Turn off XML validation if you are using some variable substitution for integer attributes.

-D.level=FINEST

Turn on more tracing in the utilities_root\logs\wc-dataload.log file.

For large loads, specifying FINEST trace level, causes too much tracing in the log file. You can turn on tracing for one package as shown in the following examples.

-Dcom.ibm.commerce.catalog.dataload.level=FINER: Finer log level for catalog information.
-Dcom.ibm.commerce.foundation.dataload.database.level=FINE: Log SQL issues.
-Dcom.ibm.commerce.foundation.dataload.level=CONFIG: Log Data Load performance issues.
-Dcom.ibm.commerce.price.dataload.level=FINER: Log price-related load issues
-Dcom.ibm.commerce.inventory.dataload.level=FINER: Log inventory-related load issues.
-Dcom.ibm.commerce.member.dataload.level=FINER: Log member-related load issues.
-Dcom.ibm.commerce.marketing.dataload.level=FINER: Log marketing-related load issues.
-Dcom.ibm.commerce.promotion.dataload.level=FINER: Log promotion-related load issues.
-Dcom.ibm.commerce.pagelayout.dataload.level=FINER: Log Commerce Composer-related load issues.

Customize the Java logging configuration file, utilities_root\ts.ear\XML\config\dataload\logging.properties. For example, you can change the log file path, the maximum log file size and how many log files to cycle through. By default, you have one log file, and the log file is overwritten every time you run the Data Load utility.

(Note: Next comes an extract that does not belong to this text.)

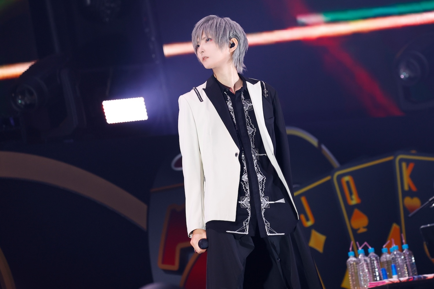 開演時間を過ぎてほどなく、場内の巨大ビジョンではビデオスロットの画面を模した動画が流れだして見事にJackpotが成立すると……ライブの開催前日にそらまふうらさか名義で新規投稿された、まふまふの作詞作曲による「Mrs.」から幕開けした。ちなみに、まふまふチャンネルの該当ページの概要欄によると、この曲はそらるからの「色気ある曲を作ってくれ」というオーダーをまふまふが具現化したものだったそうで、シャッフルビートを基調とした曲調と艶やかさを漂わせた歌詞は確かにアダルティな仕上がり。セクシーではあるけれども決してエロには寄っておらず、上品にまとめられているあたりが実に心憎い。

File difference preprocessing

You can run a file difference preprocess for routine data loads to improve the Data Load utility performance for loading these files. By using this preprocessor that you can compare two input files, such as a previously loaded file and a new version of this file. The preprocessor generates a difference file that contains only the records in the new file that are not within the old file or that are changed from the records in the old file. The Data Load utility can then load this difference file. If your routinely loaded files contain many previous loaded records, then running this file difference can result in shorter load times. Running a file difference can reduce the loading time that is required to load your routine updates to your HCL Commerce database, reduce server usage time, and improve server performance.

You can configure the Data Load utility file difference preprocessor to compare files by the values in each column, instead of entire records, to identify the changed records. You can also configure the file difference preprocessor to ignore specific columns when the process is comparing files.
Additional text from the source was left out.